- Born: Paul Andrews Libby September 4, 1921 Mineola, New York, U.S.
- Died: November 2, 2021 (aged 100) La Jolla, California, U.S.
- Education: Polytechnic Institute of Brooklyn
- Known for: Bray–Moss–Libby model Becker–Morduchow–Libby solution
- Scientific career
- Fields: Fluid dynamics Combustion Aerospace Engineering
- Workplaces: Polytechnic Institute of Brooklyn University of California, San Diego
- Thesis: The Structure of a Shock-Wave according to the Navier-Stokes Equations (1949)
- Doctoral advisor: Russell P. Harrington Paul Lieber

= Paul A. Libby =

American scientist (1921–2021)

Paul Andrews Libby (September 4, 1921 – November 2, 2021) was a professor of mechanical and aerospace engineering at the University of California, San Diego, a specialist in the field of combustion and aerospace engineering.

==Biography==
Libby received his bachelor's degree in 1942 and obtained his PhD in 1949, both from Polytechnic Institute of Brooklyn. After his bachelor's degree, he worked at Chance Vought Aircraft for two years and then served in the United States Navy during World War II until 1946 in between his Bachelors and Doctorate degrees; he was a Junior Grade Lieutenant when discharged.

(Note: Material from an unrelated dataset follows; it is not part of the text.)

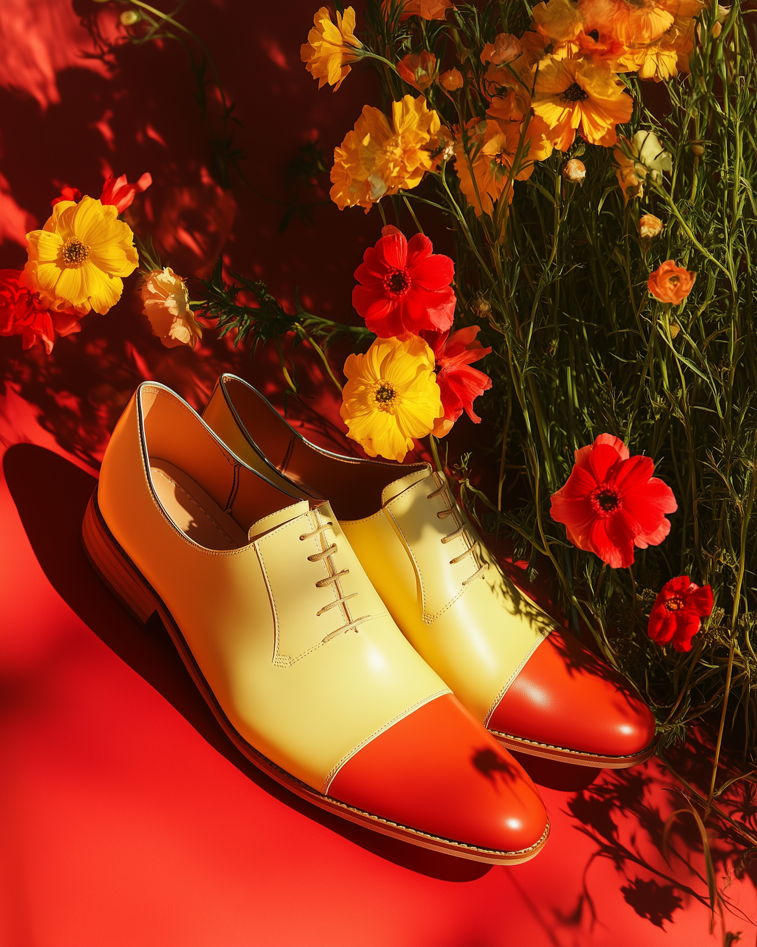 Vibrant oxford shoes in yellow and red with colorful flowers on a red background, creating a lively and stylish scene.

He joined the faculty of Polytechnic Institute of Brooklyn and advanced to the rank of Professor. At that time, the famous aerodynamicist Antonio Ferri, a friend of Theodore von Kármán, joined the Polytechnic Institute of Brooklyn. Libby worked with Ferri as an assistant for ten years. In 1962, when Sol Penner was looking for faculty for the newly-founded School of Engineering at the University of California, San Diego, Libby was recommended to Penner by von Kármán. He joined UCSD in 1964 as one of the 10 founding faculty members. He served as department chair from 1973 to 1976. He also served as Acting Dean and Associate Dean of Graduate affairs.

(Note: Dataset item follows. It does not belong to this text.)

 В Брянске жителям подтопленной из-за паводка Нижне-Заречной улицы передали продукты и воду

Libby died in La Jolla, California, on November 2, 2021, at the age of 100.

==Research==
Libby's research focused on a broad range of topics in fluid dynamics including boundary layers, turbulence, aerothermochemistry and combustion. The structure of shock waves was exactly solved by Morduchow and Libby in 1949, demonstrating that the entropy of the gas goes through a maximum upon crossing the shock wave. He, along with Keith Stewartson, were the first to identify the eigensolutions of boundary layer equations and to study the uniqueness of the boundary-layer solutions. Homann flow, axisymmetric stagnation point flows, were generalized by Libby. Paul Libby, along with Kenneth Bray, discovered an important phenomenon known as Counter-gradient diffusion in turbulent flames, in a series of papers in the '80s which are considered important contributions to our understanding of turbulent combustion.

==Publications==
He produced more than 200 journal publications throughout his career. He authored numerous books and monographs, which include An Introduction to Turbulence, Turbulent Reacting Flows (co-authored with Forman A. Williams), Space Flight and Re-Entry Trajectories, A Theoretical Analysis of the Turbulent Mixing of Reactive Gases with Application to the Supersonic Combustion of Hydrogen, Some Perturbation Solutions in Laminar Boundary Layer Theory, and Theoretical and Experimental Investigation of Supersonic Combustion.

==Honors==
Libby was elected a member of the National Academy of Engineering in 1999 for contributions as a researcher, author, and educator who advanced knowledge of fluid dynamics, turbulence, and combustion through theoretical analyses. He was a Guggenheim Fellow and a Guest Fellow of the British Royal Society. Combustion Science and Technology issued a special issue in honor of Libby's 100th birthday.